En l'espèce, aux termes d'un courrier recommandé du 28 octobre 2021, Mme [B] a demandé à la société Carre de convoquer une assemblée générale en vue de délibérer sur la révocation de la gérance et la désignation d'un nouveau gérant et d'un nouveau cabinet comptable. Mme [B] produit un projet d'ordre du jour de l'assemblée générale du 7 novembre 2018 contenant l'approbation des comptes des exercices 2013 à 2017. Elle produit également un rapport de gestion du gérant sur l'activité de la société au cours des exercices comptables de 2013 à 2017 inclus. Par courrier recommandé de son conseil en date du 22 novembre 2023, Mme [B] a également demandé au gérant de la société Carre de lui adresser les éléments comptables et financiers de la société pour les exercices 2019 à 2022 inclus. Elle indique également qu'il appartient à la gérance de convoquer régulièrement l'assemblée générale des associés pour approbation des comptes et répartition des dividendes issus des revenus locatifs.
En réponse, la société Carre ne produit pas d'éléments de nature à établir que les demandes de Mme [B] ont été prises en compte par la gérance ni que celle-ci aurait décliné avoir quelque compte à rendre à Mme [B] compte tenu de la perte de sa qualité d'associé.

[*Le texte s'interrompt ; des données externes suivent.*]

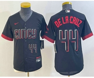 Youth Cincinnati Reds #44 Elly De La Cruz Number Black 2023 City Connect Cool Base Stitched Jersey
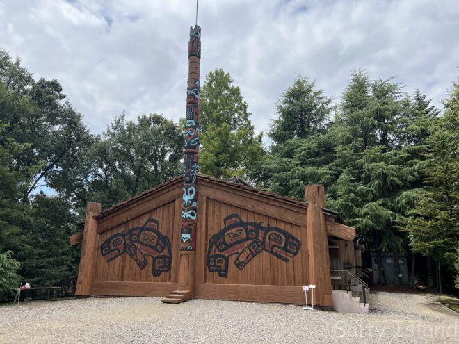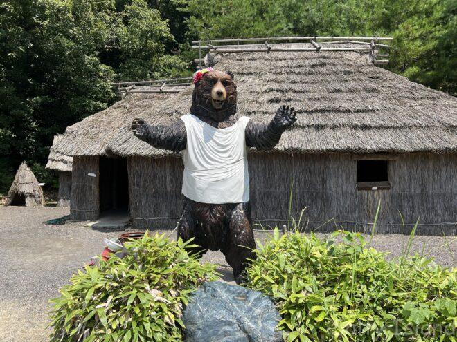 定番のフォトスポットは、アイヌの家とヒグマです。
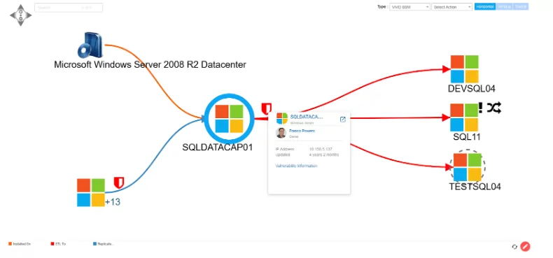 The Virima Visual Impact display is a culmination of automated discovery and human intelligence to produce dynamic visualizations of complex application dependency and infrastructure relationships. These relationships are contextualized in a sort of heads up display useful for effective incident and change management, prioritization of vulnerabilities, disaster recovery planning and audit support.
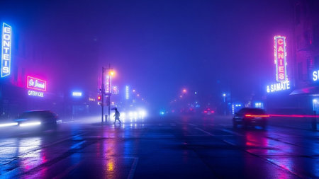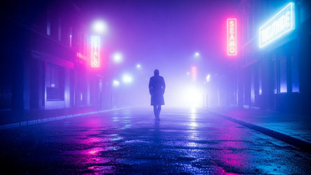 A lone figure in a trench coat walks down a wet, neon-lit city street shrouded in fog at night, with vibrant purple...
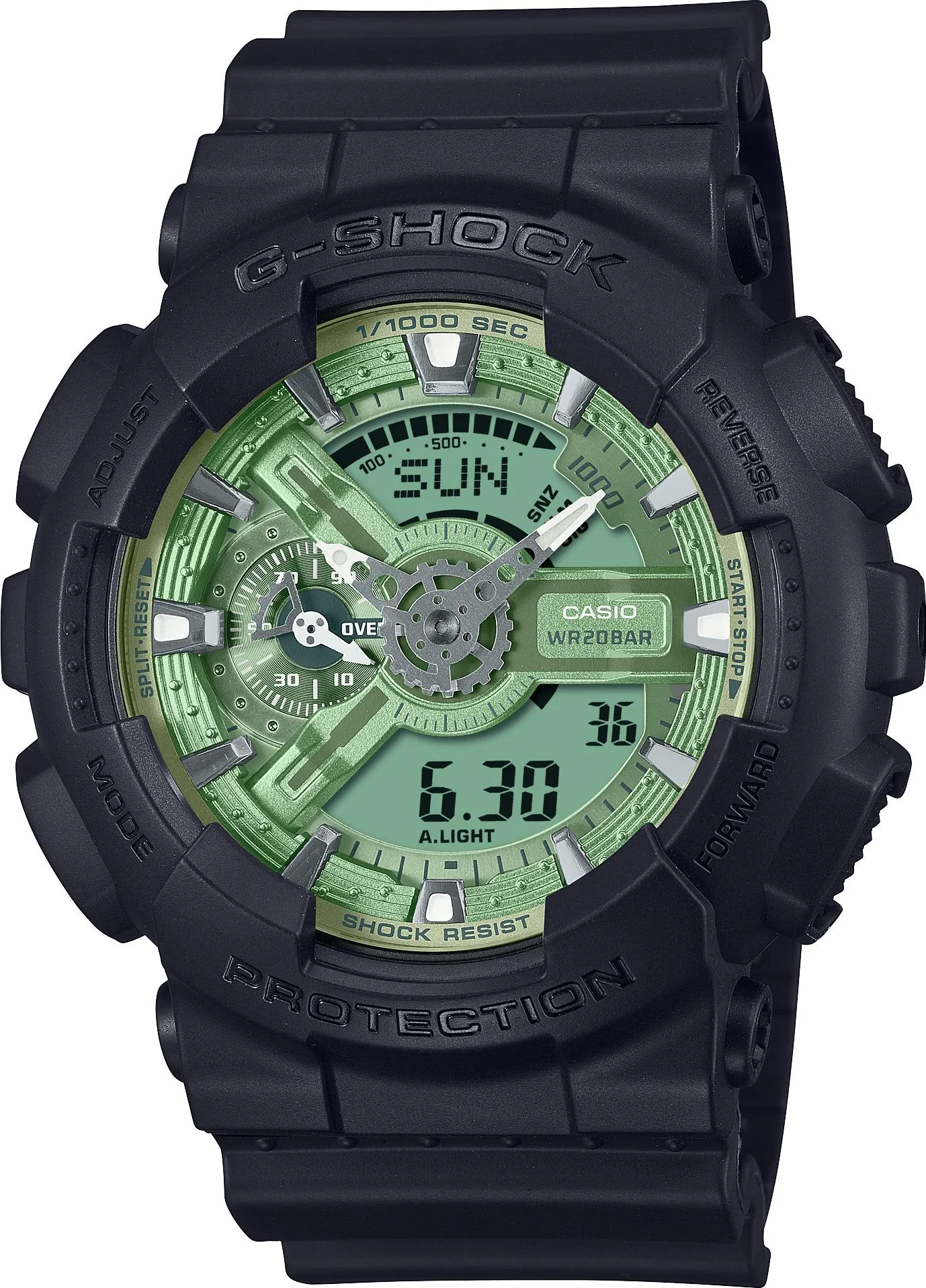 Мужские наручные часы Casio G-Shock GA-110CD-1A3. Точный кварцевый механизм с аналого-цифровой индикацией. В отличие от механических часов, не требуют завода и работают от батареи, показывая отклонение всего несколько секунд в месяц. Светодиодная подсветка обеспечивает равномерное и энергоэффективное освещение циферблата. Для активации обычно требуется нажатие отдельной кнопки, что позволяет экономить заряд батареи.Полимерный ремешок. Натуральный полимерный материал является идеальным для изготовления ремешка благодаря своей чрезвычайной прочности и гибкости. После настройки автоматический календарь всегда отображает точную дату. Для подсветки дисплея используется светодиод, а так же имеет функцию автоматического включения подсветки, если Вы наклоните часы к своему лицу. Функция будильника. Ежечасный сигнал. Отображение текущего времени в основных городах и конкретных областях по всему миру. Функция таймера. Таймеры обратного отсчета напомнят Вам о текущих или особенных событиях, издав звуковой сигнал в установленное время. Ударопрочная конструкция часов защищает от ударов и вибрации. Отображение времени возможно в 12-часовом или 24-часовом формате. Полимерный корпус надежно защищает часы от механических повреждений. Прочное, устойчивое к царапинам минеральное стекло защищает часы от повреждений. Часы являются водонепроницаемыми до 20 Бар. Цвет корпуса: Черный. Цвет циферблата: Зеленый. Высота (с ушками): 55 мм. Толщина: 16.9 мм. Гарантия: 2 года. Другие наименования модели: GA-110CD-1A3DR, GA-110CD-1A3ER.

Le silence de la société Carre face aux demandes réitérées de Mme [B] et les défaillances de la gérance caractérisées par l'absence de production de tous éléments de gestion conforme démontrent qu'il existe une crise aiguë entre les associés, ceux-ci pouvant avoir masqué à la demanderesse les transferts de droits dont Mme [B] soutient qu'ils ont été opérés à son insu.
Par conséquent, le fonctionnement normal de la société, en l'absence d'un associé légitime, est altéré et les droits de Mme [B] sont susceptibles d'être mis en péril par des décisions susceptibles d'être prises dans le seul intérêt de M. [R] et Mme [D].
Par suite, les conditions justifiant la désignation d'un administrateur afin d'administrer et gérer provisoirement la société Carre sont réunies, la présence d'un tiers professionnel neutre étant l'unique solution pour préserver les intérêts sociaux de Mme [B].
En conséquence, il sera fait droit à la demande dans les termes du dispositif.
Sur les autres demandes
La société Carre, M. [R] et Mme [D] seront condamnés in solidum aux dépens.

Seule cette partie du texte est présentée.